◆ Given records ◆
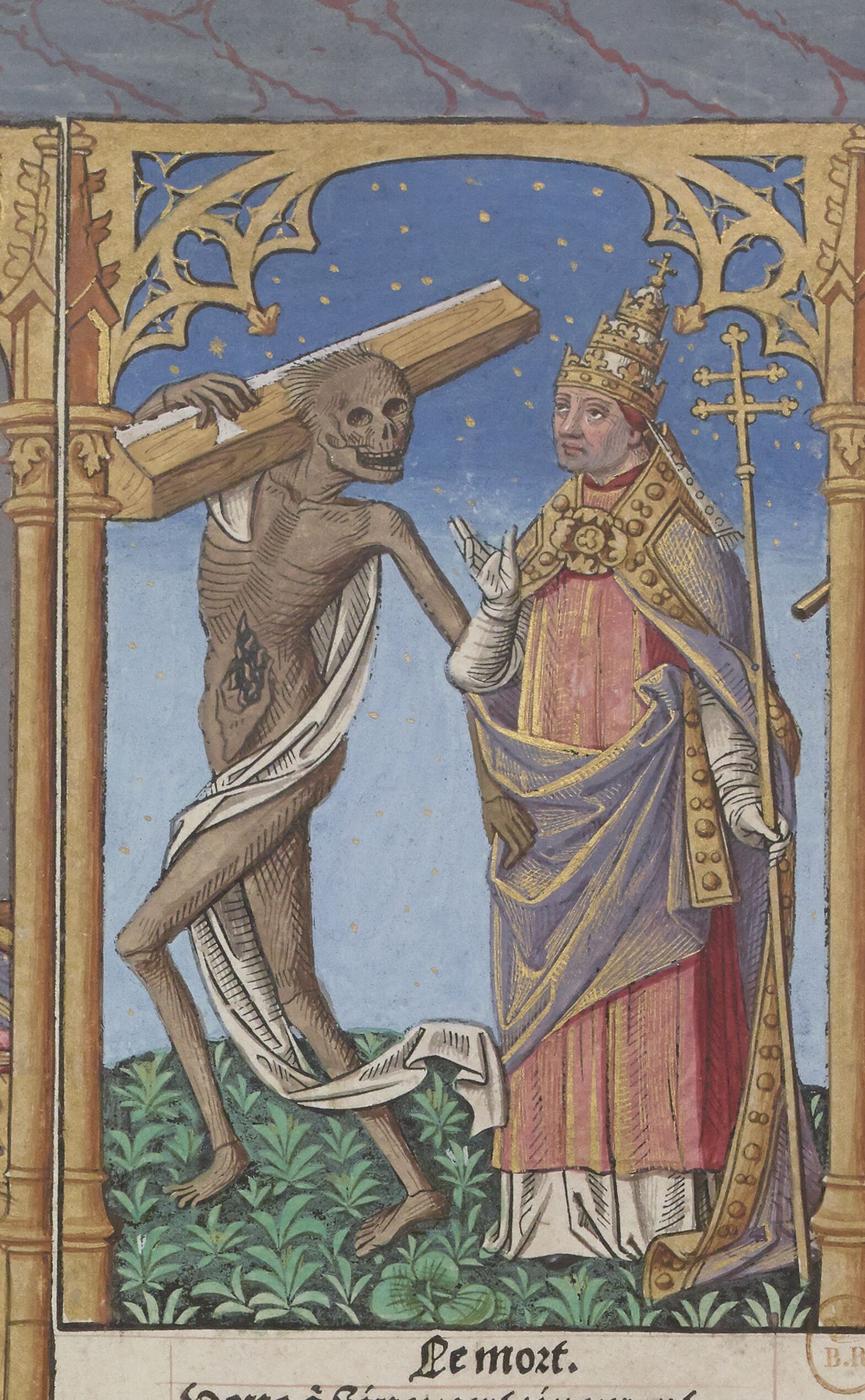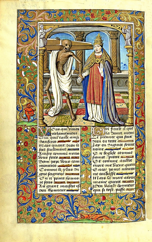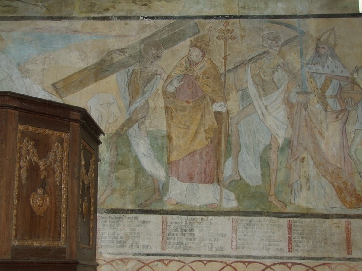 Les peintures du pape et de son mort sont presque identiques à Lübeck et à Reval comme nous l’avons écrit plus haut. Elles ne ressemblent pas à Guyot Marchant, peu au manuscrit 995 et nettement plus au Jacques de Besançon, BnF, Réserve Te-8. De plus nous présentons le pape de la Danse macabre de Meslay le Grenet (France, Eure et Loir, voir cette page) et laissons le lecteur apprécier…
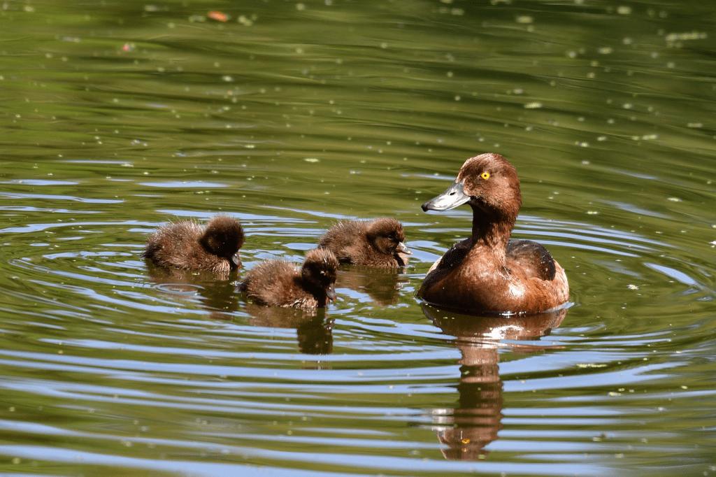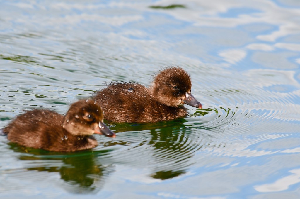 现在是七月,正是幼鸟出巢的时候。除了看到和妈妈在一起的小灰雁,还有池塘中和妈妈在一起的小凤头潜鸭,他们有模有样地扎着猛子,学习寻找食物。
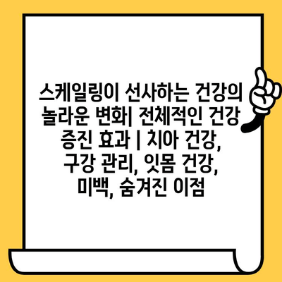 사우역 치과가 알려주는 스케일링 후 출혈, 이렇게 대처하세요! | 스케일링, 출혈, 치과, 관리 팁 건강한 치아를 위해 스케일링은 필수입니다. 하지만 스케일링 후 출혈이 발생하면 불안하고 걱정되는 것은 당연합니다. 걱정하지 마세요! 사우역 치과가 스케일링 후 출혈에 대한 궁금증을 해소하고, 효과적인 대처법을 알려제공합니다. 스케일링 후 출혈은 잇몸이 건강하지 못한 상태를 반영할 수 있습니다. 잇몸 질환은 치주염으로 이어질 … 더 읽기
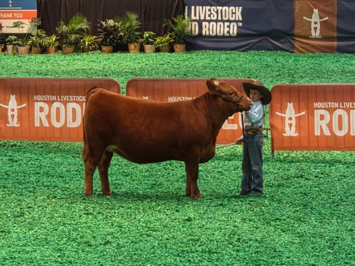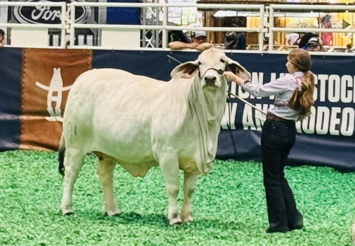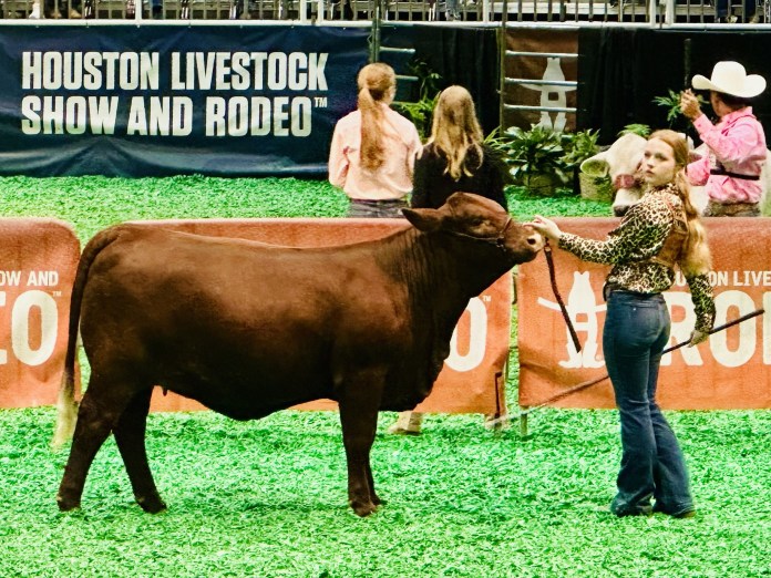 Madison Parker stands with her Grand Champion Red Brahman female after earning top honors at the Houston Livestock Show.
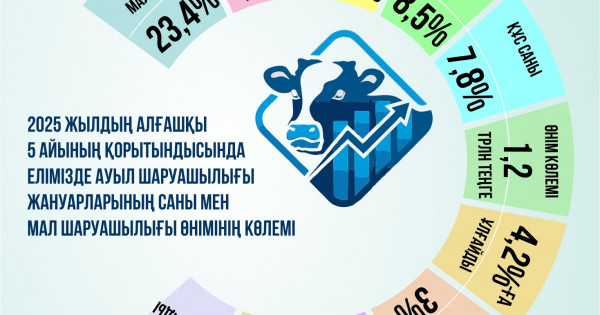 2025 jyldyń alǵashqy bes aıynyń qorytyndysynda elimizde aýyl sharýashylyǵy janýarlarynyń sany men mal sharýashylyǵy óniminiń kólemi turaqty ósimge jetken. Bul týraly Úkimet otyrysynda aýyl sharýashylyǵy mınıstri Aıdarbek Saparov málimdedi.
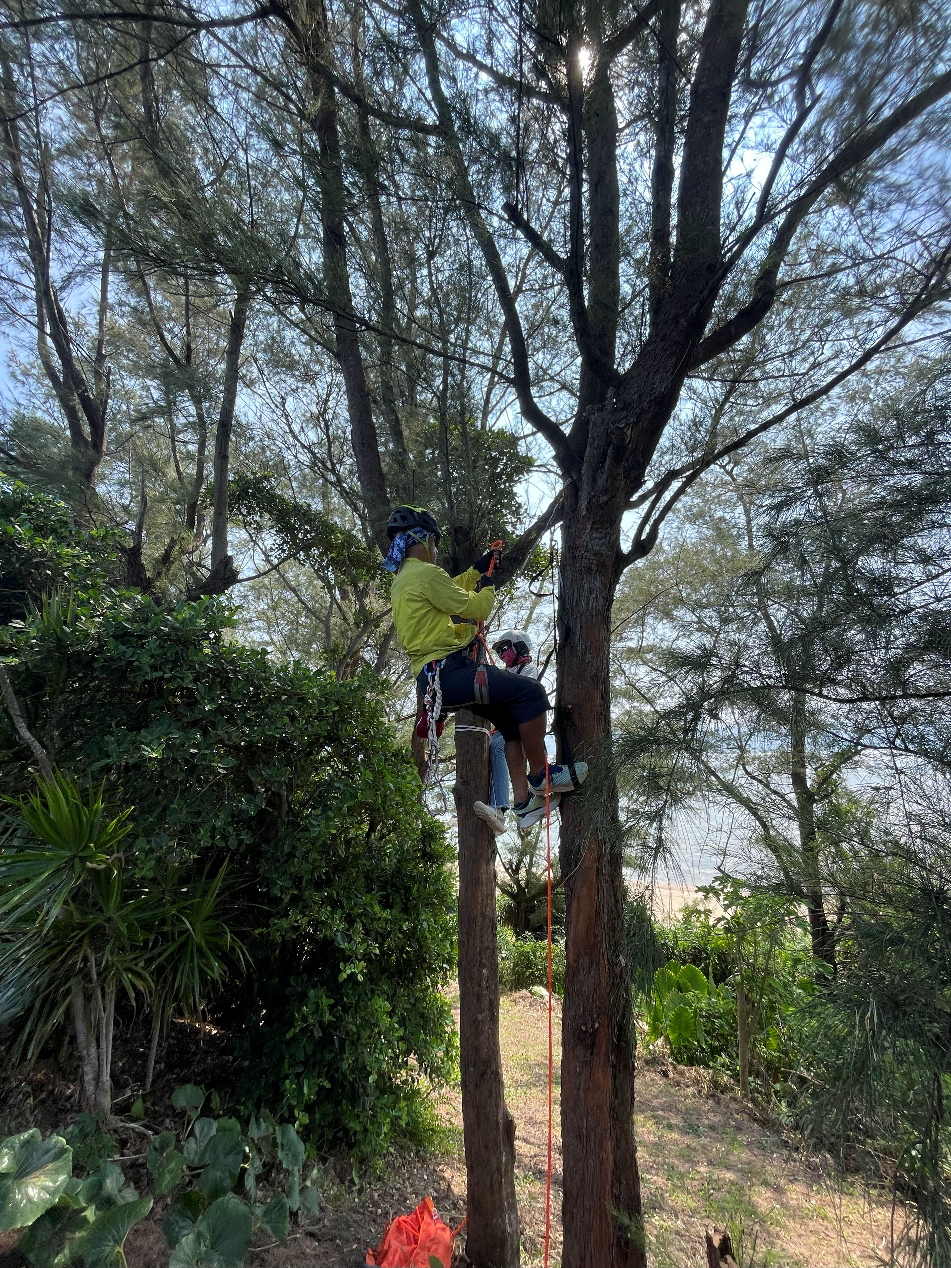 一通り脱出練習が終わったら海岸沿いのモクマオウにて木登り講習
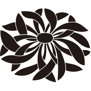 乱れ菊紋は、花弁を不規則に乱れさせた菊の花を斜め上から見た姿で描く。
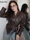 Sheepskin Coat For Women Leather Jacket Winter Spring Moto Biker Genuine Top Quality Black

◆ About this exercise ◆
Return all records exactly as they stand above, except for pictures.

◆ Written response ◆
 Les peintures du pape et de son mort sont presque identiques à Lübeck et à Reval comme nous l’avons écrit plus haut. Elles ne ressemblent pas à Guyot Marchant, peu au manuscrit 995 et nettement plus au Jacques de Besançon, BnF, Réserve Te-8. De plus nous présentons le pape de la Danse macabre de Meslay le Grenet (France, Eure et Loir, voir cette page) et laissons le lecteur apprécier…
 现在是七月,正是幼鸟出巢的时候。除了看到和妈妈在一起的小灰雁,还有池塘中和妈妈在一起的小凤头潜鸭,他们有模有样地扎着猛子,学习寻找食物。
 사우역 치과가 알려주는 스케일링 후 출혈, 이렇게 대처하세요! | 스케일링, 출혈, 치과, 관리 팁 건강한 치아를 위해 스케일링은 필수입니다. 하지만 스케일링 후 출혈이 발생하면 불안하고 걱정되는 것은 당연합니다. 걱정하지 마세요! 사우역 치과가 스케일링 후 출혈에 대한 궁금증을 해소하고, 효과적인 대처법을 알려제공합니다. 스케일링 후 출혈은 잇몸이 건강하지 못한 상태를 반영할 수 있습니다. 잇몸 질환은 치주염으로 이어질 … 더 읽기
 Madison Parker stands with her Grand Champion Red Brahman female after earning top honors at the Houston Livestock Show.
 2025 jyldyń alǵashqy bes aıynyń qorytyndysynda elimizde aýyl sharýashylyǵy janýarlarynyń sany men mal sharýashylyǵy óniminiń kólemi turaqty ósimge jetken. Bul týraly Úkimet otyrysynda aýyl sharýashylyǵy mınıstri Aıdarbek Saparov málimdedi.
 一通り脱出練習が終わったら海岸沿いのモクマオウにて木登り講習
 乱れ菊紋は、花弁を不規則に乱れさせた菊の花を斜め上から見た姿で描く。
 Sheepskin Coat For Women Leather Jacket Winter Spring Moto Biker Genuine Top Quality Black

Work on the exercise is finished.